The NUG has taken multiple actions across government to improve accountability and transparency, which has been one of the main goals of reform efforts. A few key achievements are listed below:
  • A large part of increasing accountability and transparency across government has been implementing e-governance and open government reforms to international standards. Read more about those reforms here.
  • Transparency in public procurement and government contracting has vastly improved, with he creation the National Procurement Authority (NPA) and strict procurement policies and regulations put in place. The NPA publishes limited information on most government procurement contracts. To read more on the NPA, visit this link.
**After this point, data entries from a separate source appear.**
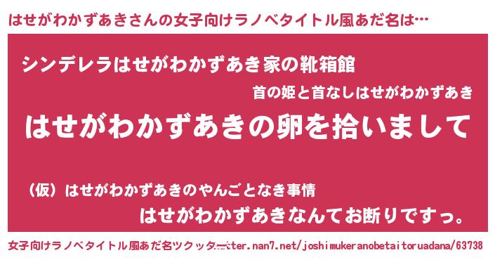 | 伝説のあだ名 | 『解き放たれた魔法使いはせがわかずあき』 |
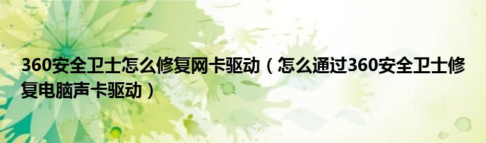 大家好,今天小悦来为大家解答以上问题。360安全卫士怎么修复网卡驱动,怎么通过360安全卫士修复电脑声卡驱动很多人还不知道,现在让我们一起来看看吧!
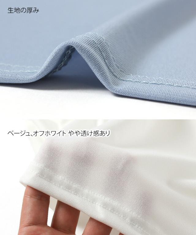 | 生地感 | 伸縮性抜群でとろみ感のあるやや薄手の生地 【伸縮性】あり 【透け感】なし(ベージュ、オフホワイトややあり) 【裏地】なし |

  • The NUG published eight key budget documents for the 2018 national budget
  • The new Access to Information Law, which ensures citizens’ rights to access information, passed in 2014 was significant amended in early 2018 after feedback on the 2014 law from civil society and media. The amended law creates an independent commission with an independent budget, whose five members are selected by a committee and approved by the President. The new Law also protects whistle blowers. The Oversight Commission on Access to Information was established and in mid-2017 launched the national strategy on access to information, titled Putting Access to Information in Practice.
  • The Office of the President established a complaints center so the Afghan public is able to submit complaints and concerns about the administration.
  • The Copyright Law was passed to protect the intellectual property of authors, composers, artists, and researchers.
  • Afghan national radio and television (RTA) has extended coverage to more remote areas, and radio and television broadcasts has increased by 3% and 23.6%, respectively, under the NUG.
  • he Regulation on Private Mass Media clarified all matters of mass media operations, including standards for journalist’s occupational safety. In this new regulation, media ownership fees have decreased up to 90%.
  • The amendment of the Mass Media Law allows for the establishment of a commission for addressing media complaints and violations. The government also set up the Joint Coordination Committee for the Safety of Journalists and Media. So far, 86% of 172 cases of violence against journalists have been reviewed and settled.
– Establishing guidelines to reward excellence and discipline underperformance
 PROGRESS: – Achieved.
  • In May 2018, the IARCSC launched an awards program, the Civil Service Excellence and Innovation Award, in May 2018 to recognize and award excellence, efficiency, productivity and creativity in public service.
  • The Civil Servants law, newly amended in March 2018, instituted a merit-based recruitment procedure as well as outlining a performance appraisal system and disciplinary sanctions for civil servants.
  • The Human Resources Management Information System (HRMIS) is in development, which provides accurate statistical information on civil servants, which was lacking in the past was lacking in the past.The HRMIS records accurate information about civil servants in the capital and provinces as well as information about personnel affairs. The IARCSC has recently purchased 80 biometric registration kits to record civil servant information.